After having tried to lose weight again and again over the past ten years and after having failed each time, either losing no weight at all or gaining all the lost kg’s and sometimes more back in no time, I’ve set out on a new diet three weeks ago, which was recommended to me by several friends and work colleagues.
The program is not limited to dieting and the nutrition side of things, but also involves a personalised exercise program tailored to the respective individual needs and accommodating a busy work life, where necessary.
It sets out with a detailed questionnaire that will enable the trainer to determine the best programme for the candidate.
If your answers leave any doubt that you’re fully committed, then the game stops here and you’re being sent back to KFC to order your next family meal for one. If you pass this barrier, then there will be a one-week back-and-forth process during which the trainer and you will decide which programme works best for you.
You’re then being started on a low-carb, low-calorie, low-fat, high-protein diet with supplements that ensure that you’re not going to run low on vitamins or minerals.
Exercise is either very limited or non-existent during those first two weeks, because, considering you’re asked to stop eating before you’re full (“stop at 80%”) and your intake of calories will usually be dramatically less than it used to be (also because you’re eating healthier, lower-calorie food), you will not exactly be your most energetic self. You will be fit enough, though, to go about your normal work-day and I did not feel particularly tired and never exhausted, just sometimes quite hungry.
I’ve now lost 4.5 kg’s and want to lose another 2kg’s. My husband says I’ve never looked better and I seem much more relaxed and happy than my usual self. Sometimes it’s hard to stick with the programme, especially stopping to eat before you’re full and cutting out carbs, even sweet fruits and potatoes, not just sweets and cake, but I found it gets easier the longer you stick with it. My cravings for sweets and cake are nearly gone, now, and I’m now looking into agreeing a work-out plan with my trainer. We’ve determined that running is not for me, among others, because of my bad technique, swimming is not to my liking, but yoga, Pilates and similar exercises like planking and squatting are right up my alley.
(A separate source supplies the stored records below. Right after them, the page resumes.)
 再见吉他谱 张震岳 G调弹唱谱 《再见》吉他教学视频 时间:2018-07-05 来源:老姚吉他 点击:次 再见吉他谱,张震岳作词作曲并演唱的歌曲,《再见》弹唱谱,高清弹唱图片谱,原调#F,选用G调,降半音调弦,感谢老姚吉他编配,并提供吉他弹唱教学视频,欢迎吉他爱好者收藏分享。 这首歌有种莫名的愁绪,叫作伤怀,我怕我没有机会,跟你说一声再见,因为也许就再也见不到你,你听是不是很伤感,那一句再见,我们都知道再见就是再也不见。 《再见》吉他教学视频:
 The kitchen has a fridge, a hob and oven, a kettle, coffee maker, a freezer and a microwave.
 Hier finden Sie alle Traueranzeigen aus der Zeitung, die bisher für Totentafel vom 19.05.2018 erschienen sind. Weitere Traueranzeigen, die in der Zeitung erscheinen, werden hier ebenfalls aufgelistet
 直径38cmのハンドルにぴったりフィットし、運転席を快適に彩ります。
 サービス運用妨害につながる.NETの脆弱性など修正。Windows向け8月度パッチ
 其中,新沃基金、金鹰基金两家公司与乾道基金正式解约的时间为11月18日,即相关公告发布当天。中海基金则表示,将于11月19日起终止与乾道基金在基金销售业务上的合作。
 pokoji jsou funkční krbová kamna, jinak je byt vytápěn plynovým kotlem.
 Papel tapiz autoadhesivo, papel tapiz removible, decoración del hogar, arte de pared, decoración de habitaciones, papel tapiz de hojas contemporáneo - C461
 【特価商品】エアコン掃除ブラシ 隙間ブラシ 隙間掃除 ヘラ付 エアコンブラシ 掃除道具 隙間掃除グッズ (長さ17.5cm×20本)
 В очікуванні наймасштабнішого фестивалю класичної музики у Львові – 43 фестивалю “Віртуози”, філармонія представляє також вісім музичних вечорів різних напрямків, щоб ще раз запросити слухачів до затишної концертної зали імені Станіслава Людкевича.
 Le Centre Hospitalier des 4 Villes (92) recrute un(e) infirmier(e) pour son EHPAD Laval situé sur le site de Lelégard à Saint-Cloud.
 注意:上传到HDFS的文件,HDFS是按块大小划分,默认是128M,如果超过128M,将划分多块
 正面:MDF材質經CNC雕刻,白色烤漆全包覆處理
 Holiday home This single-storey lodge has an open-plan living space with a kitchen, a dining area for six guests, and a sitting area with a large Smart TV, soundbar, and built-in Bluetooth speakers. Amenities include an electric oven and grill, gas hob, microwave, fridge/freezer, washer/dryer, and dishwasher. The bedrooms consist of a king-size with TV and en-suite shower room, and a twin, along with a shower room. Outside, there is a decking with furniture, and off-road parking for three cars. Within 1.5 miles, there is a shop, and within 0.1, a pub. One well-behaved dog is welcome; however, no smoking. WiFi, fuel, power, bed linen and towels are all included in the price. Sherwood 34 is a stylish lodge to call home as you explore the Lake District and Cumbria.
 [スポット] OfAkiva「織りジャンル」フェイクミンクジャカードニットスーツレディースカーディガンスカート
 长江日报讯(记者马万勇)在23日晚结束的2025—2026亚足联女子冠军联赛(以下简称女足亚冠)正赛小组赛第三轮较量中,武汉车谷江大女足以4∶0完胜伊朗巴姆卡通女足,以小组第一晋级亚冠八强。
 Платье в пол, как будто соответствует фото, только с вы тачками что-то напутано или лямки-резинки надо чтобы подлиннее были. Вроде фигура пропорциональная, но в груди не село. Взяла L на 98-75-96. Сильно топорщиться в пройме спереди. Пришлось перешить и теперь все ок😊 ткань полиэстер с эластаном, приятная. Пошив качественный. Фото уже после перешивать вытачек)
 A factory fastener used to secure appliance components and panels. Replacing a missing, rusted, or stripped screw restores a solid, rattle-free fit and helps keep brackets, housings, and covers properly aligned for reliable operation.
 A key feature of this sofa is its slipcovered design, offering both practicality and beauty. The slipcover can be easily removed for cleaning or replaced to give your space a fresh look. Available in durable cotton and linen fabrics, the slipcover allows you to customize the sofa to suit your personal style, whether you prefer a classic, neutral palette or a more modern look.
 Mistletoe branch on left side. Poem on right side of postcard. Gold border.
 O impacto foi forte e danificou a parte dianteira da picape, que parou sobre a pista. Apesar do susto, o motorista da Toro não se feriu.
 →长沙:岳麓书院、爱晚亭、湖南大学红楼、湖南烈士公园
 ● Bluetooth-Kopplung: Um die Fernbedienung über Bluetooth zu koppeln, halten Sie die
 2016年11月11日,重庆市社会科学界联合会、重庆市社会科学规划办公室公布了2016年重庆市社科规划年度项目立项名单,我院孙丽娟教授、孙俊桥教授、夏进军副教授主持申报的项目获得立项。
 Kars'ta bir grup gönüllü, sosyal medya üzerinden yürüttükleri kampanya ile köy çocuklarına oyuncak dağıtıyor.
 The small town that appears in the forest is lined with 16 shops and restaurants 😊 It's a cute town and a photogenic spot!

I’ve also started to hop off the tube two stops before home and to walk the 30 minutes to our flat, to take the stairs, not the escalators in shopping malls and in the tube, and to go for walks with my husband after dinner, if we can squeeze it into our schedules.
My husband says he’ll start on the programme soon, too. He had been successful with a ketosis diet about 1.5 years ago, which also involves low-carb, but which is very different from this diet. A ketosis diet typically sets you off for the first three days on eggs, cheese, and meat alone (no other ingredients, no fruit, veg, milk, yogurt, alcohol, seasoning), until your body starts burning its own fat, a severe physical change in your metabolism which you can track with so-called ketosis sticks, whose colours, after having peed onto them, will be different, depending on the state of ketosis you’re in. The diet is usually very high-fat, very high-calorie (and also high-protein and low carb, the latter two just like my diet). My husband lost 12kg within just the first four weeks and says he never felt better when going on his morning runs, but after only two months, he stopped the diet and gained most of the weight again, out of sheer laziness and lack of discipline, for no other reason (he didn’t crave a different diet or certain banned foods), he readily admits.
My husband still thinks it’s something he wants to do again, but not now, because the diet is very hard on the body, and – especially at the beginning, before you’ve phased vegetables fully back into your intake again – rather unhealthy. Now with the days becoming shorter, darker and colder and everyone sneezing their way throughout the day, he feels is not the best time to go on a hard-core diet.
I was never a believer in the ketosis diet in the first place and I wouldn’t be able to do without any fruit and veg for three days, then only phase in vegies gradually over a long period of time, and limited to certain ones like asparagus, green beans, leafy salads, and broccoli.
We’ll both keep you updated about our progress. Ever tried anything similar? We’d be interested in hearing about your experience and your thoughts.